Thread: PG 7.0 is 2.5 times slower running a big report
I have a large report that I run once a day. Under 6.5.3 it took just over 3hrs to run. Under 7.0 it is now taking 8 hours to run. No other changes were made. This is on RedHat Linux 6.2. A PIII 733 with 384MB Ram, and 2 IDE 7200 RPM disks. One disk contains the Postgres directroy including the data directory, and the other disk has everything else. The Postmaster is started with these options: -i -B 1024 -N 256 -o -F The report is being run on a backup server just after the database has been loaded from a dump and 'vacuum analyse'd. There is practically nothing else running on the box during the run. The report creates four separate concurrent cursors. Each of the queries is sorted by a customer number which is an index. The index is unique in the customer table but not the others. For the other cursors it pops values as needed to process data for the current customer number. There are also other selects that are run for each customer order processed to retrieve its line items. The report does not update the database at all, it is just accumulating totals that will be written out when the report finishes. Top tells me the front end process is using 5 to 10 percent of the CPU and the back end is using 10 to 20 percent. The load average is about 1.0 and the CPU is about 80% idle. I am prettry certain on 6.5.3 that the CPU usage was much higher. Its almost like the new version has some sort of throttle to keep one backend from saturating the system. Indeed the box is much more responsive than it used to be while running this report. Suggestions?

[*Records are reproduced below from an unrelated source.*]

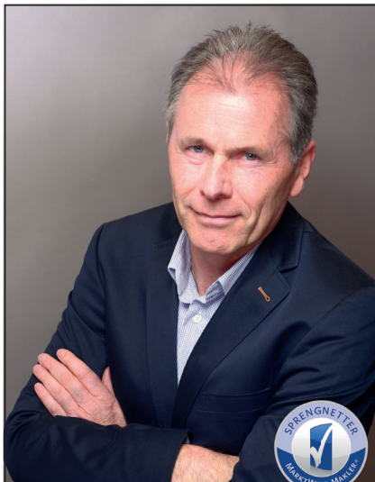
Jörg Freundorfer Immobilienmakler gepr. MarktWert-Makler®

Bei der D-Jugend gehen wir ja mit 2 Teams an den Start. Unsere D1 belegt nach einer Doppelrunde den 2. Platz in der Kreisliga. Sie haben damit noch alle Chancen in die Bezirksoberliga aufzusteigen. Die D2 belegt in der Kreisgruppe den 6. Tabellenrang. Hier ist noch ein bisschen Luft nach oben.
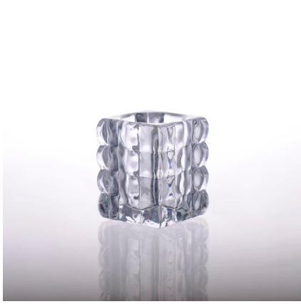
Bougeoir en verre carré
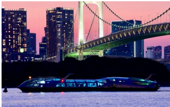
使用船舶 HIMIKO 店名 (Jicoo the floating bar)

※1 運航開始日は 旅客不定期航路事業申請の認可後 、舟運事業者HPにより公開されます。
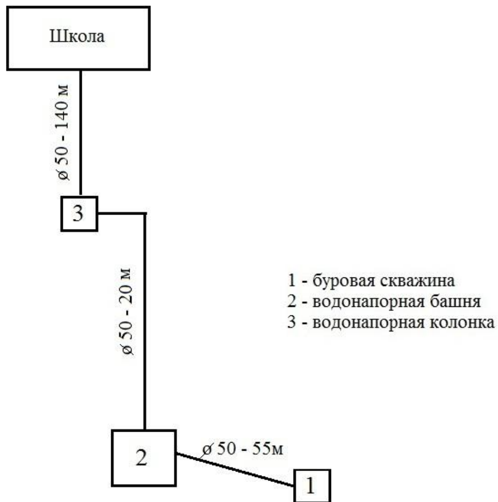
Схема существующего размещения объектов централизованной системы водоснабжения в п. Сосновка МО «Сосновское»
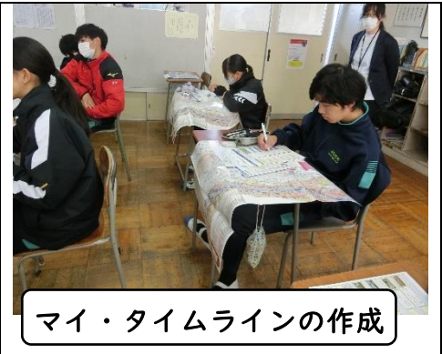
マイ・タイムラインの作成
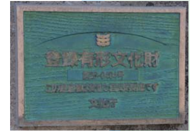
登録有形文化財に指定されている
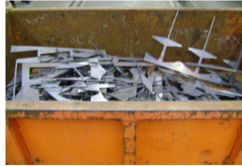
LP-Ongeschilderd plaatafval 04
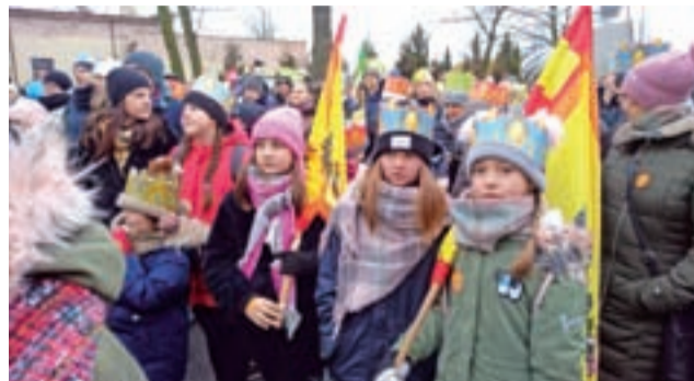
Dzieci i młodzież chętnie zakładała papierowe korony i niosła orszakowe flagi.

wcześniej grupa parafian z Korabki. – Głównym smakoszem i koordynatorem przygotowywania
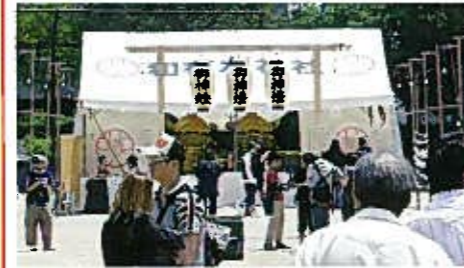
和布刈神社 門司区大字門司 3492

26日 みなとパネル展 (北九州港湾・空港整備事務所1Fロビー) 11:00 ~ 15:00
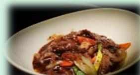
100. beef in zwarte pepersaus
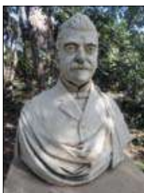
Bust d'Evarist Arnús i de Ferrer (1888). Parc de Can Solei i Ca l'Arnús, Badalona

drosa al seu catàleg comicocrític de l'exposició: « Lo mismo veo á la Virgen en este busto de mármol, que á una chica que los toros contempla desde su palco ». Aquell mateix any realitzà Al·legoria del segle XIX per a les oficines centrals de la companyia de ferrocarrils París-Lió-Mediterrània. El 1883 presentà un grup d'obres a l'Exposició Local de Terrassa, entre elles una Verge, una crucifixió i uns quants bustos de personatges coneguts. Dos anys després, el 1885, encara treballant a París, obrà un Sant Josep per a l'església parroquial del Sant Esperit i, l'any següent, un altre per a la parroquial de Sant Martí de Provençals.
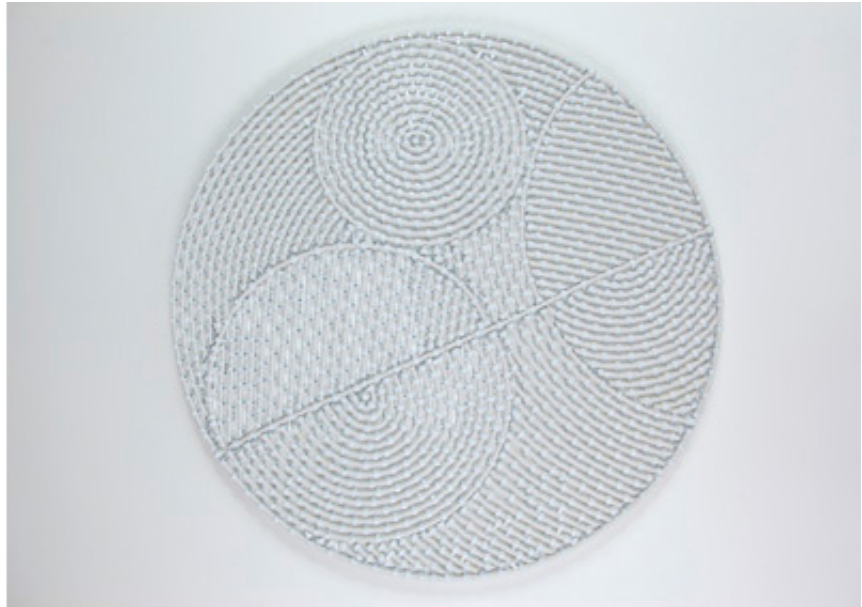
2011, coaxial antenna cable, staples on plywood, 69 cm.

Les Cercles, avec leur aspect blanc immaculé et épuré, leur jeu d'associations des formes, de tensions entre lignes droites et courbes, de révélation et d'occultation des figures, attirent le regard autant qu'ils soulèvent de questions. La série des Cercles est réalisée au moyen de câbles d'antennes blancs - matériau récurrent des œuvres de Mounir Fatmi depuis 1998, disposés en motifs géométriques, puis fixés à des panneaux blancs et circulaires à l'aide d'attaches à tête rondes. Les compositions obtenues sont parfois surmontées d'un second panneau circulaire blanc en plexiglas, découpé à certains endroits, et laissant apparaître les câbles coaxiaux.
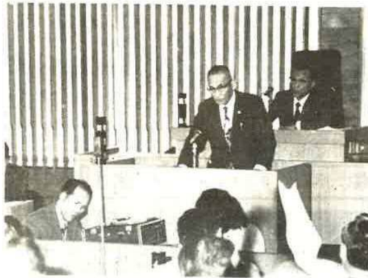
議場にて市政方針を語る市長

6月17日定例市議会の席上、白井市長は議会に対してつぎのような市政方針演説をおこないました。
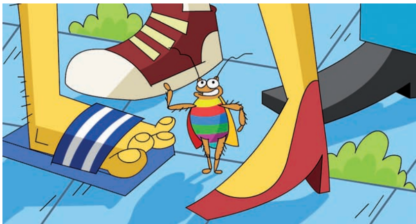
איור: ערן מנדל
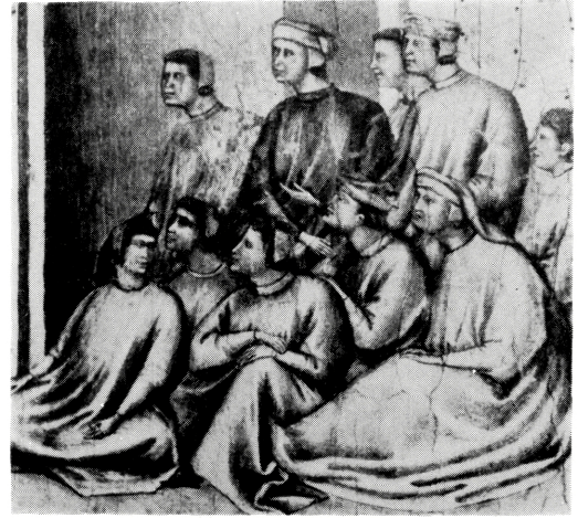
写真 B-22 大きなゆるみをもつ円筒衣
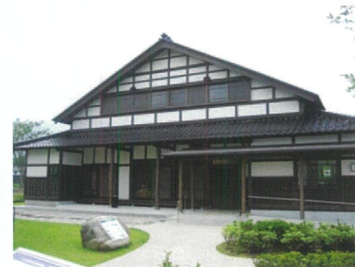
高瀨地方自治社區交流中心 東建(azumadachi)高瀨
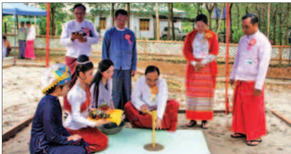
(၁၃)က တာဝန်ယူ တည်ဆောက်မည် ဖြစ်သည်။ ကရင်ပြည်နယ်၊ ကယားပြည်နယ်၊

နိုင်သက်လွင်၊ မွန်ပြည်နယ်ဝန်ကြီး ချုပ် ဒေါက်တာအေးဇံနှင့် ပြည်နယ် အစိုးရအဖွဲ့ဝင်ဝန်ကြီးများ၊ ပြည်နယ် အဆင့်ဌာနဆိုင်ရာ ပုဂ္ဂိုလ်များ တက်ရောက်ကြသည်။ အခမ်းအနားတွင် တိုင်းရင်းသား လူမျိုးရေးရာဝန်ကြီးဌာန ဒုတိယ အမြဲတမ်းအတွင်းဝန် ဦးမင်းအေး ကိုက မွန်ပြည်နယ်ညွှန်ကြားရေးမှူး ရုံးနှင့် ပတ်သက်၍ ရှင်းလင်းတင်ပြပြီး ပြည်ထောင်စုဝန်ကြီး၊ မွန်ပြည်နယ် ဝန်ကြီးချုပ်၊ ပြည်နယ်တိုင်းရင်းသား
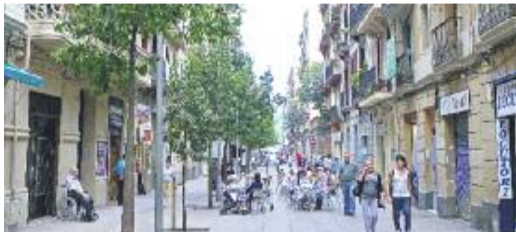
El carrer Blai, un dels punts problemàtics del nou pla.

El nou pla, consensuat amb les entitats i les associacions del barri, preveu suspendre la concessió de llicències a allotjaments turístics (hotels, apartaments i pensions) amb una moratòria fins al setembre de 2016, tot i que ara, durant tres mesos, es podran presentar al·legacions. Això, però, es farà en funció de l'amplada dels vials i de la densitat de la zona corresponent, que el pla delimita en tres àrees diferents: a l'alta (carrers de Blai, Blesa, Nou de la Rambla i Vila i Vilà) estarà prohibida la
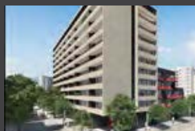
Argomedo 461, Santiago Centro ENTREGA 2021
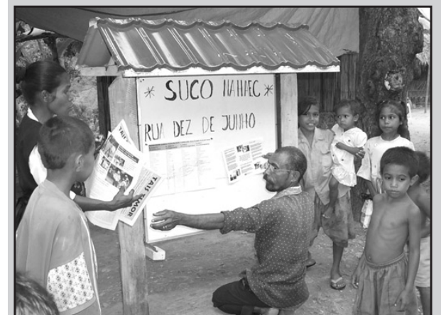
Halo la'o lian foun: Kopia ikus Tais Timor nian ba to'o suku nia quadro bulletin - dalam diak ida ba comunidade sira nebe buka hatene lian kona ba mamosuk nasional.

Kuadro Buletin Informativu UNTAET nia iha fatin diak ida i tau mos iha Tais Timor, atu bele hetan informasaun jeral kona ba emprego i reabilitasaun nasaun nian.
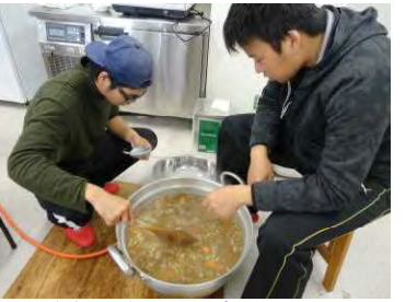
大鍋で作ると旨味がたっぷり
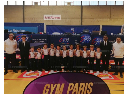
Les gymnastes du CMO Vénissieux Gymnastique en lice ce dimanche à Saint-Étienne.

pour le club, fier de la performance de ces jeunes athlètes. ■
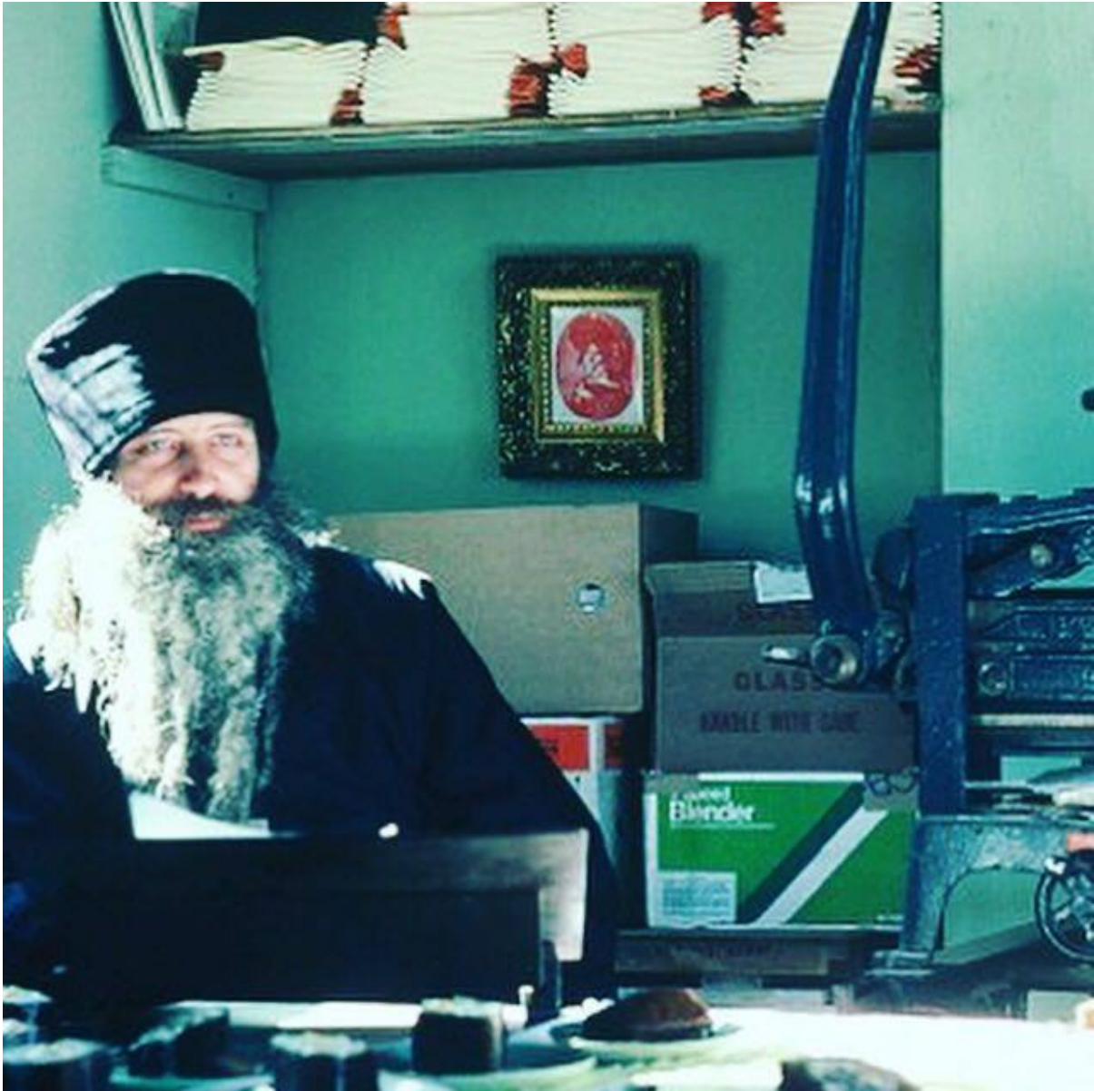
padre Seraphim Rose

L'eredità dello ieromonaco Seraphim (Rose) continua a raccogliere forza come bussola per coloro che cercano la verità nel cristianesimo ortodosso. I suoi libri sono ancora popolari e molti dei suoi discorsi che sono stati registrati sono ora trascritti e disponibili gratuitamente. Uno di questi discorsi si intitola "I segni dei tempi": in esso padre Seraphim offre una panoramica delle tendenze nel mondo moderno della spiritualità, della pseudo-spiritualità e

"Bryan White" <bryan@arcamax.com> writes: > Top tells me the front end process is using 5 to 10 percent of the CPU and > the back end is using 10 to 20 percent. The load average is about 1.0 and > the CPU is about 80% idle. It's probably waiting for disk I/O ... What does EXPLAIN tell you about how the queries are being executed? Do you by any chance have the 6.5.3 system still available to compare its EXPLAIN output? regards, tom lane
Try putting 'nofsync' in your pg_options. Bryan White wrote: > > I have a large report that I run once a day. Under 6.5.3 it took just over > 3hrs to run. Under 7.0 it is now taking 8 hours to run. No other changes > were made. > > This is on RedHat Linux 6.2. A PIII 733 with 384MB Ram, and 2 IDE 7200 RPM > disks. One disk contains the Postgres directroy including the data > directory, and the other disk has everything else. > > The Postmaster is started with these options: -i -B 1024 -N 256 -o -F > > The report is being run on a backup server just after the database has been > loaded from a dump and 'vacuum analyse'd. There is practically nothing else > running on the box during the run. > > The report creates four separate concurrent cursors. Each of the queries is > sorted by a customer number which is an index. The index is unique in the > customer table but not the others. For the other cursors it pops values as > needed to process data for the current customer number. There are also > other selects that are run for each customer order processed to retrieve its > line items. The report does not update the database at all, it is just > accumulating totals that will be written out when the report finishes. > > Top tells me the front end process is using 5 to 10 percent of the CPU and > the back end is using 10 to 20 percent. The load average is about 1.0 and > the CPU is about 80% idle. I am prettry certain on 6.5.3 that the CPU usage > was much higher. Its almost like the new version has some sort of throttle > to keep one backend from saturating the system. Indeed the box is much more > responsive than it used to be while running this report. > > Suggestions?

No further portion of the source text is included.